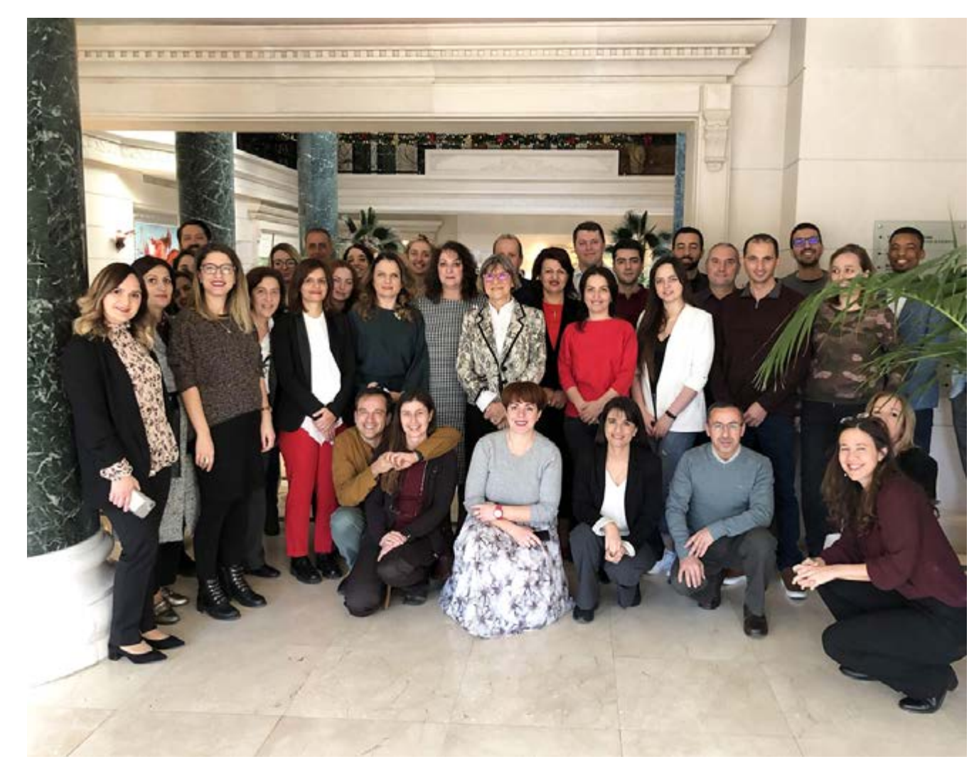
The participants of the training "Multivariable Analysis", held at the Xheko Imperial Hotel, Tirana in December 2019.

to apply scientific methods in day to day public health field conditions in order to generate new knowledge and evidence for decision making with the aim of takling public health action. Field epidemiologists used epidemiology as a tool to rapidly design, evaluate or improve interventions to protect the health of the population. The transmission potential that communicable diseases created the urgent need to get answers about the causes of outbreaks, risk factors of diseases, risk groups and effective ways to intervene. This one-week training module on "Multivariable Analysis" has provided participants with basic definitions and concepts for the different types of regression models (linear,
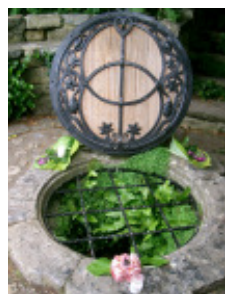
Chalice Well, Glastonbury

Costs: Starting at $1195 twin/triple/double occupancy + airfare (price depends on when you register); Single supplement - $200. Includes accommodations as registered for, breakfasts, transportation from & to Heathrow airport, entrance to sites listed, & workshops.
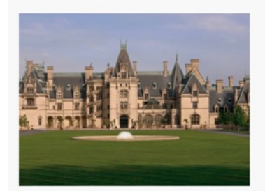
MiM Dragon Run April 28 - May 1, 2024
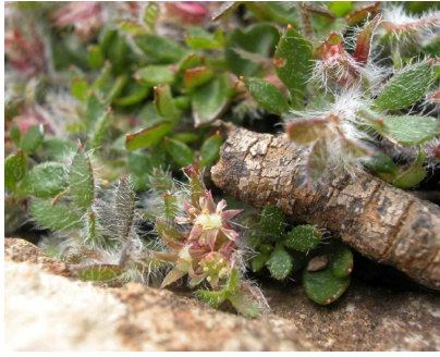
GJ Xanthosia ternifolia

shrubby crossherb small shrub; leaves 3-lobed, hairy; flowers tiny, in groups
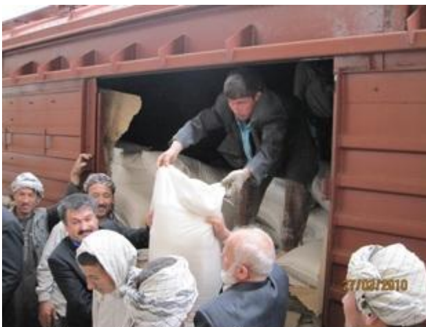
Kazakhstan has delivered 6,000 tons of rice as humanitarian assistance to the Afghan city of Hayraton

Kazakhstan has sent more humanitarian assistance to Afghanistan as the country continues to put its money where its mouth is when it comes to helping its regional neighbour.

* * * * * * *

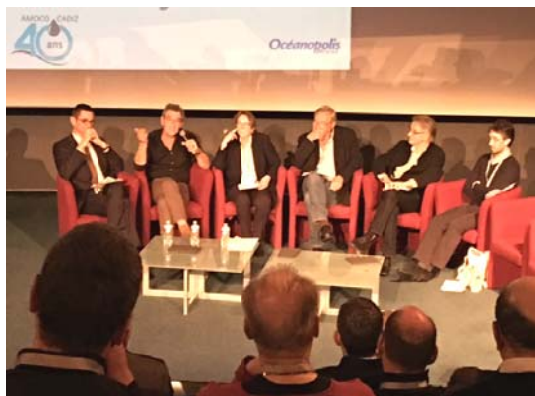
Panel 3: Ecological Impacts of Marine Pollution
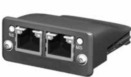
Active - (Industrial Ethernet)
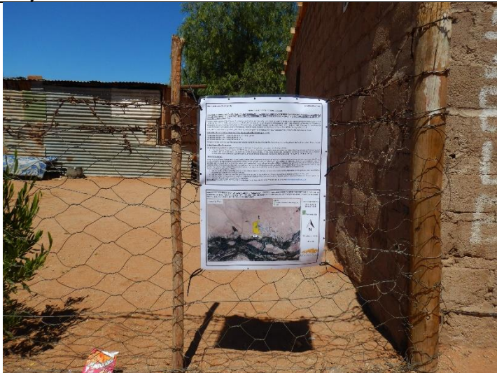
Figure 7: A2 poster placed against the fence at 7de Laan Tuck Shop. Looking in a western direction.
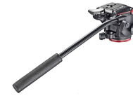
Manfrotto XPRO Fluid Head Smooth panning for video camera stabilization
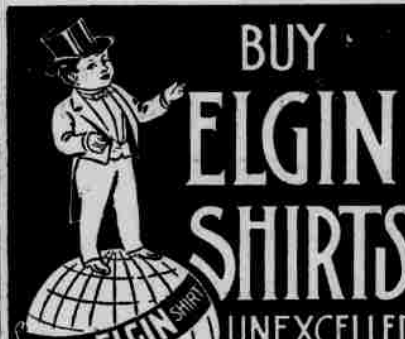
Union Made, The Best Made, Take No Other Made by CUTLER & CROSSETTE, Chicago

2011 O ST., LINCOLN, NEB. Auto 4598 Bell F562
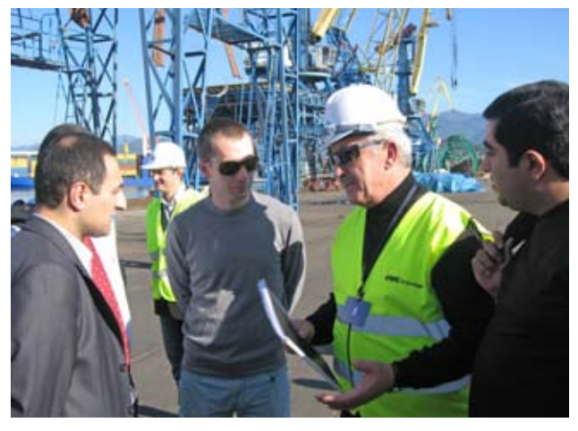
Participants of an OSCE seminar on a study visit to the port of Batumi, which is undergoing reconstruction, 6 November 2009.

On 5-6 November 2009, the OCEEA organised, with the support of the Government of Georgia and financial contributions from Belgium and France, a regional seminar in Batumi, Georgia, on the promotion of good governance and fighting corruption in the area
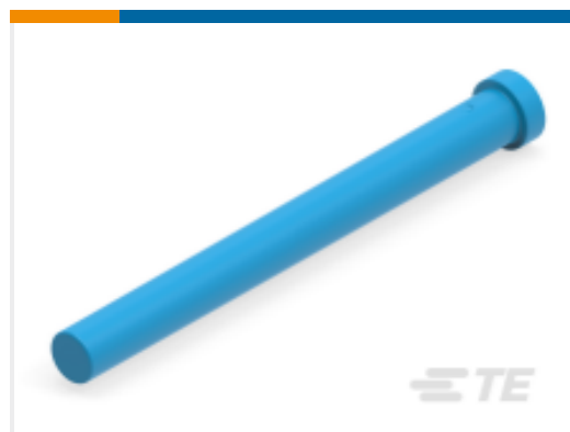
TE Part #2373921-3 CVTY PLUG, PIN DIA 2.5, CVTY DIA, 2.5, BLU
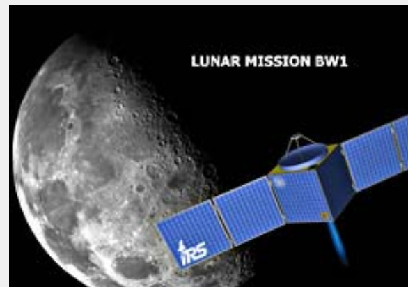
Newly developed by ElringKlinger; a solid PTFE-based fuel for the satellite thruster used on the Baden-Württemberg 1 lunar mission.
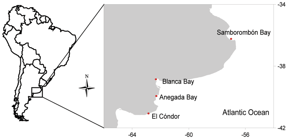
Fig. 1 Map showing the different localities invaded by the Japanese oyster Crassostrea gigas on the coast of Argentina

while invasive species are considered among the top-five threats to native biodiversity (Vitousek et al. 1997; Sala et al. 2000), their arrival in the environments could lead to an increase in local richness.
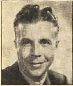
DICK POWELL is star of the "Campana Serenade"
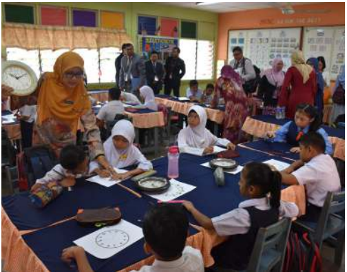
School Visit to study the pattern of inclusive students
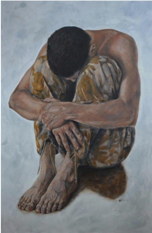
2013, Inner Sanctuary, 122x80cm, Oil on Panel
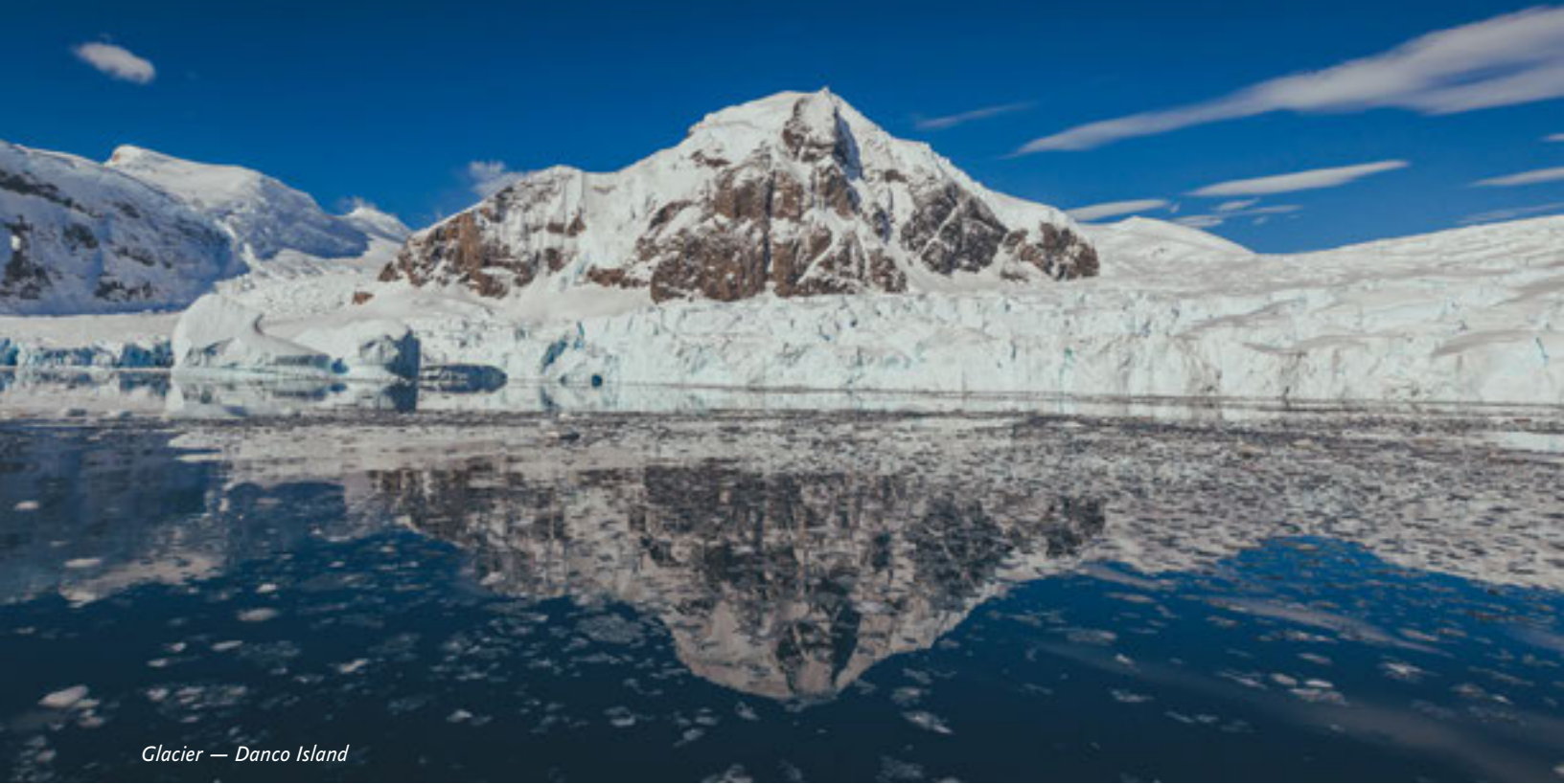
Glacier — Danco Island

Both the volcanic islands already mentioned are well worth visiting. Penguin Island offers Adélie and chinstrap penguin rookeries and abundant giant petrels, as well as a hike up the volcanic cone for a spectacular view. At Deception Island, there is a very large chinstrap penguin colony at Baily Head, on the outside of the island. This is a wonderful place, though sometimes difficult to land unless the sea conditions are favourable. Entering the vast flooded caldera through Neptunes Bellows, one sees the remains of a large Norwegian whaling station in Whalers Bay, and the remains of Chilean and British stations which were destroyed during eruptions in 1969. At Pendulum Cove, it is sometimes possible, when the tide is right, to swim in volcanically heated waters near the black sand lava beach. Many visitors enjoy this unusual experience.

* * * * * * *

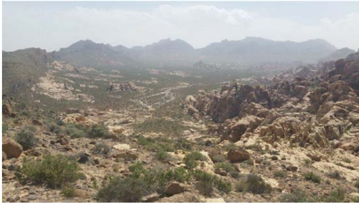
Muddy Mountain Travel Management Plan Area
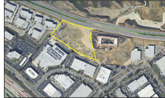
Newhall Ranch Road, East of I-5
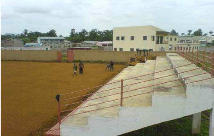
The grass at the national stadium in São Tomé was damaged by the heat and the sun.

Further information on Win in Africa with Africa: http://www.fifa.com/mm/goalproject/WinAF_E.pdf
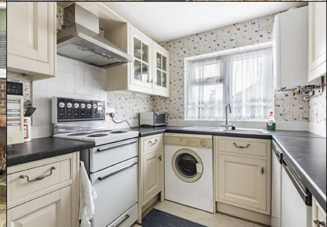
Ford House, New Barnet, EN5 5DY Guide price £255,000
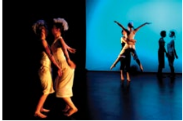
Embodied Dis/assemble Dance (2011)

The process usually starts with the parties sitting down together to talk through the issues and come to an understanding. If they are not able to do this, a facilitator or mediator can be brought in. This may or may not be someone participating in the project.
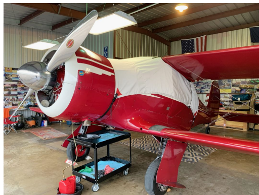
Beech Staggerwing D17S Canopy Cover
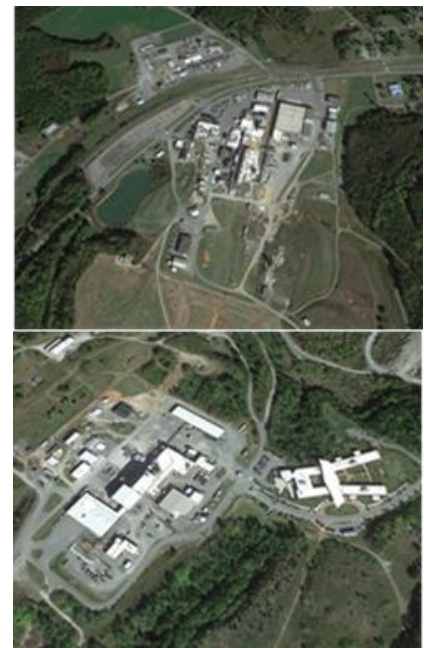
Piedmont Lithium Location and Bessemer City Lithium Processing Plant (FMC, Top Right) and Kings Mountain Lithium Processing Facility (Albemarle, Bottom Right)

* * * * * * *

All pictures are to be skipped. Output, word for word, the lines in the data above starting at the line containing "The participants of" and ending at the line containing "Kazakhstan has delivered".

The participants of the training "Multivariable Analysis", held at the Xheko Imperial Hotel, Tirana in December 2019.

to apply scientific methods in day to day public health field conditions in order to generate new knowledge and evidence for decision making with the aim of takling public health action. Field epidemiologists used epidemiology as a tool to rapidly design, evaluate or improve interventions to protect the health of the population. The transmission potential that communicable diseases created the urgent need to get answers about the causes of outbreaks, risk factors of diseases, risk groups and effective ways to intervene. This one-week training module on "Multivariable Analysis" has provided participants with basic definitions and concepts for the different types of regression models (linear,
Chalice Well, Glastonbury

Costs: Starting at $1195 twin/triple/double occupancy + airfare (price depends on when you register); Single supplement - $200. Includes accommodations as registered for, breakfasts, transportation from & to Heathrow airport, entrance to sites listed, & workshops.
MiM Dragon Run April 28 - May 1, 2024
GJ Xanthosia ternifolia

shrubby crossherb small shrub; leaves 3-lobed, hairy; flowers tiny, in groups
Kazakhstan has delivered 6,000 tons of rice as humanitarian assistance to the Afghan city of Hayraton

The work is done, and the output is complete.